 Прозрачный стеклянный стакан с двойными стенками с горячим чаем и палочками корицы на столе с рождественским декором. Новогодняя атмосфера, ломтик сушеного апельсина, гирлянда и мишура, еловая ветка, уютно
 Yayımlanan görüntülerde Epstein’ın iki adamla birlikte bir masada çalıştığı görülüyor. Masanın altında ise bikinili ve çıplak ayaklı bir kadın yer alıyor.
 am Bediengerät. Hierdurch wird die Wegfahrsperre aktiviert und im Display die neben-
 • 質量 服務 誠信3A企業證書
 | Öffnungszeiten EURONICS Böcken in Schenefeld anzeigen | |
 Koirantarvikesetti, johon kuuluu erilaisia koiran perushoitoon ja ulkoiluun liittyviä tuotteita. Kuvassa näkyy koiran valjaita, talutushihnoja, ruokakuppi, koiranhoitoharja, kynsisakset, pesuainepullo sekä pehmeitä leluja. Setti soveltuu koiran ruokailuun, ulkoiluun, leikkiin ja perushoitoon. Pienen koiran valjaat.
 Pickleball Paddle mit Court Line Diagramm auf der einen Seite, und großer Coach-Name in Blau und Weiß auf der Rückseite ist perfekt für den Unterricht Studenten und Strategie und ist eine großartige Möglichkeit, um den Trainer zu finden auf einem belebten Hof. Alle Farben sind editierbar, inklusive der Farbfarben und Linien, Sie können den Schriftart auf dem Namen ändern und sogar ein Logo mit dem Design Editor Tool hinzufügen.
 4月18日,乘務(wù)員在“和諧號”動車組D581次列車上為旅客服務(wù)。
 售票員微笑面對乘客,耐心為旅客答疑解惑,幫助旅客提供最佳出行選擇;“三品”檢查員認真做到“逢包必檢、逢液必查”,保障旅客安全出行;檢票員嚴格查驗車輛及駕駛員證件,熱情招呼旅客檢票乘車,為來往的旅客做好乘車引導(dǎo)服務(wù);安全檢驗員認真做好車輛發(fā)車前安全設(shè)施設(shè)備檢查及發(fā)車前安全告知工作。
---
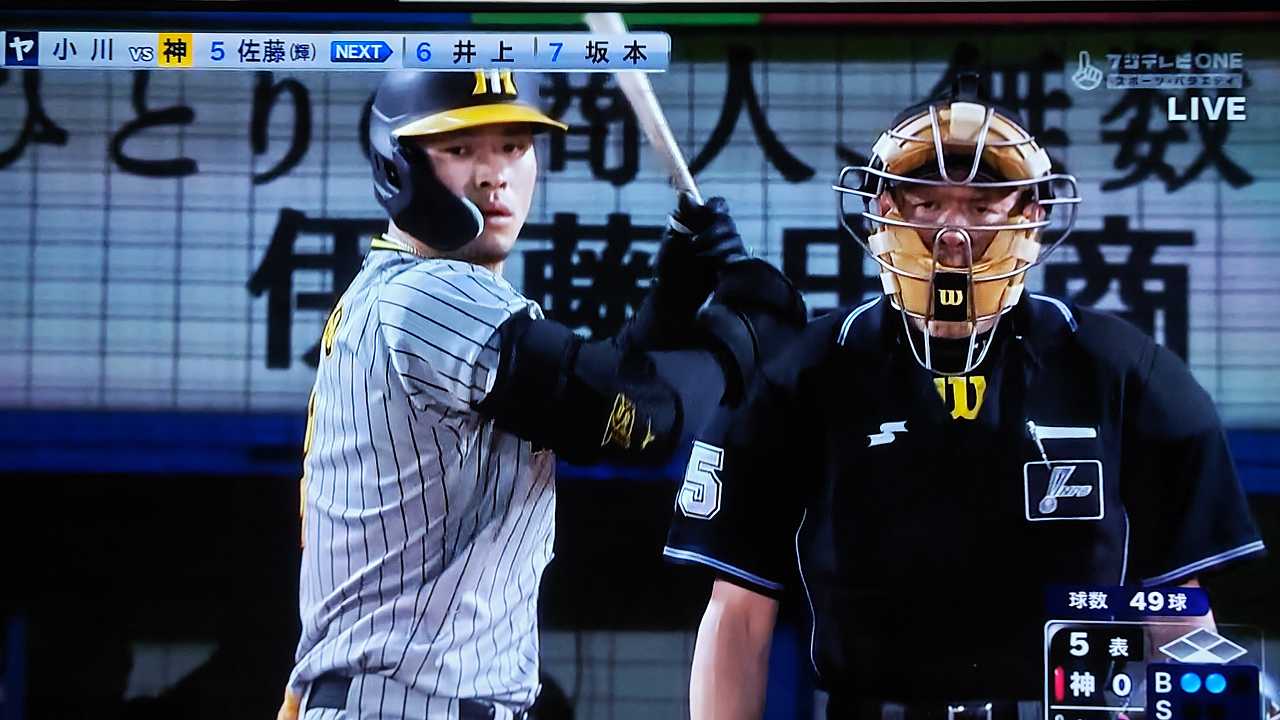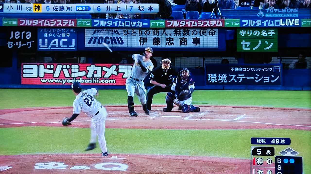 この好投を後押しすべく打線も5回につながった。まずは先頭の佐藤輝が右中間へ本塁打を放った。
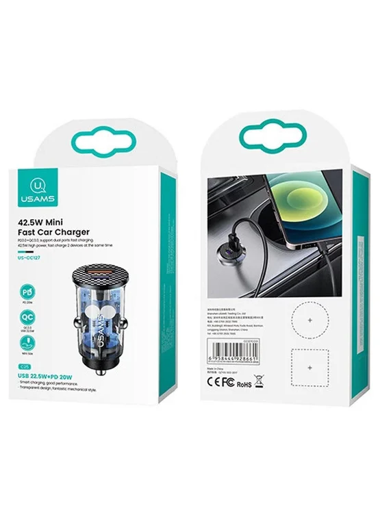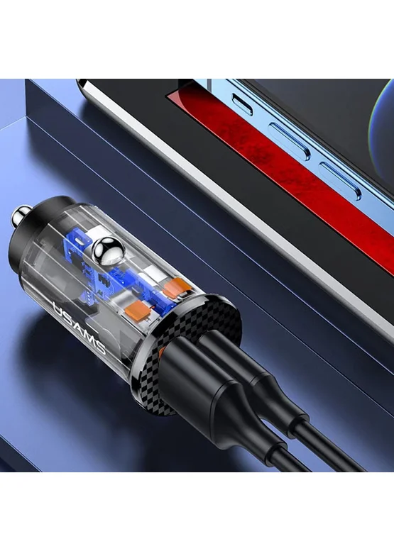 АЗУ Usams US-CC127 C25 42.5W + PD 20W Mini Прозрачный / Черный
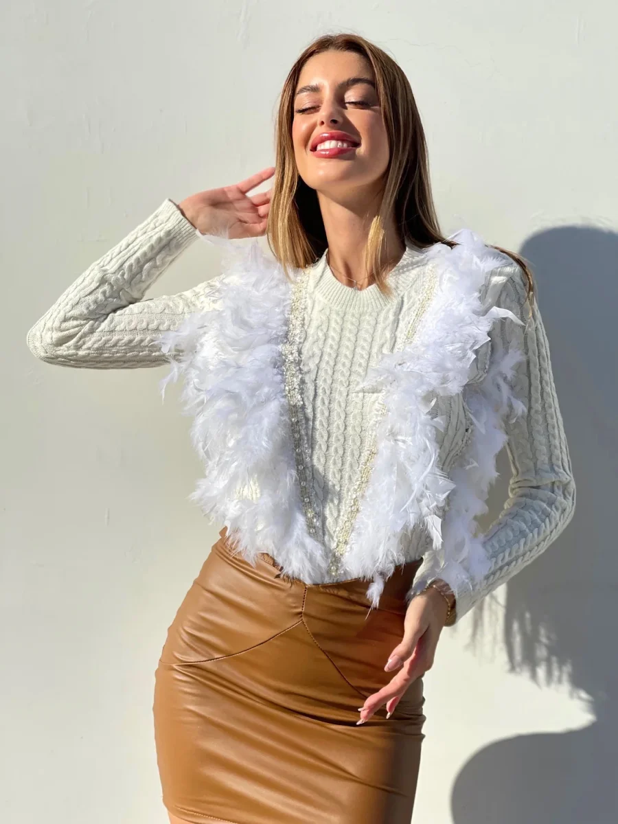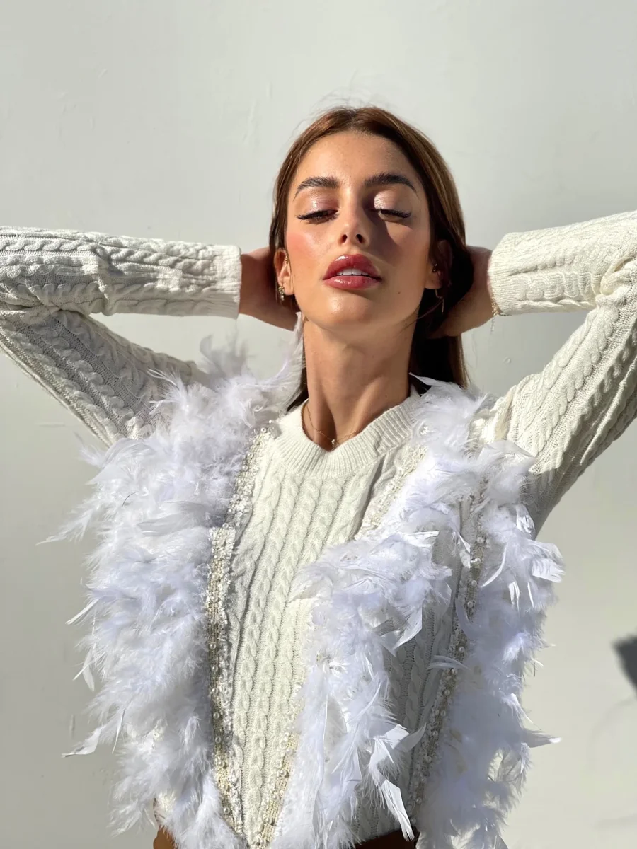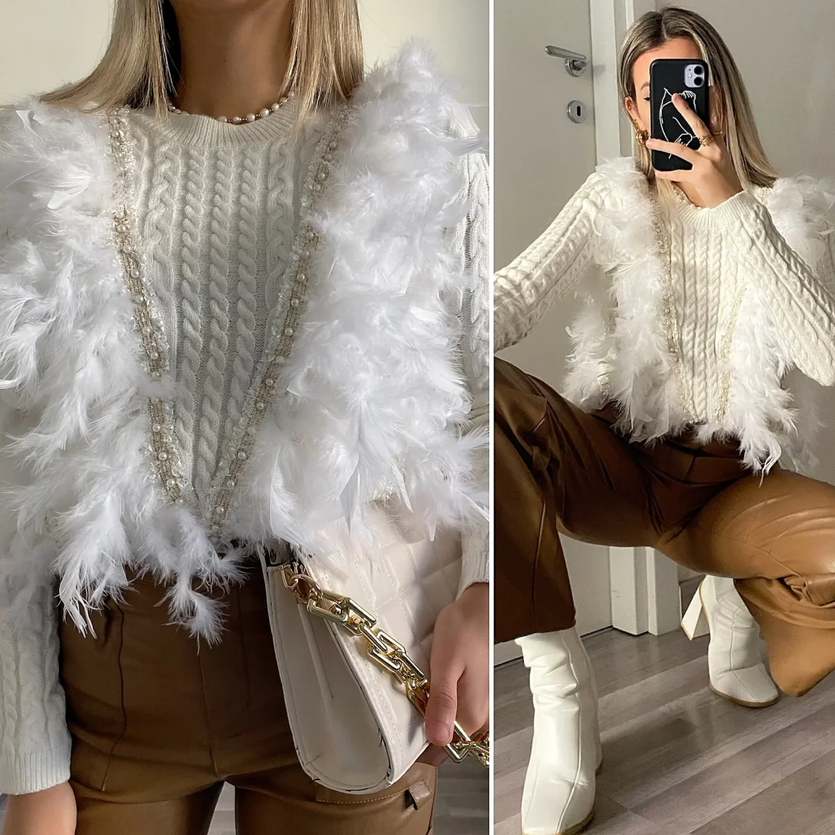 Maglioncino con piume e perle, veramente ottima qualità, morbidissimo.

## Problem details
Using the records above, write out exactly the lines between the one holding "Pickleball Paddle mit" and the one holding "售票員微笑面對乘客,耐心為旅", inclusive; leave everything else out.

## Task solution
 Pickleball Paddle mit Court Line Diagramm auf der einen Seite, und großer Coach-Name in Blau und Weiß auf der Rückseite ist perfekt für den Unterricht Studenten und Strategie und ist eine großartige Möglichkeit, um den Trainer zu finden auf einem belebten Hof. Alle Farben sind editierbar, inklusive der Farbfarben und Linien, Sie können den Schriftart auf dem Namen ändern und sogar ein Logo mit dem Design Editor Tool hinzufügen.
 4月18日,乘務(wù)員在“和諧號”動車組D581次列車上為旅客服務(wù)。
 售票員微笑面對乘客,耐心為旅客答疑解惑,幫助旅客提供最佳出行選擇;“三品”檢查員認真做到“逢包必檢、逢液必查”,保障旅客安全出行;檢票員嚴格查驗車輛及駕駛員證件,熱情招呼旅客檢票乘車,為來往的旅客做好乘車引導(dǎo)服務(wù);安全檢驗員認真做好車輛發(fā)車前安全設(shè)施設(shè)備檢查及發(fā)車前安全告知工作。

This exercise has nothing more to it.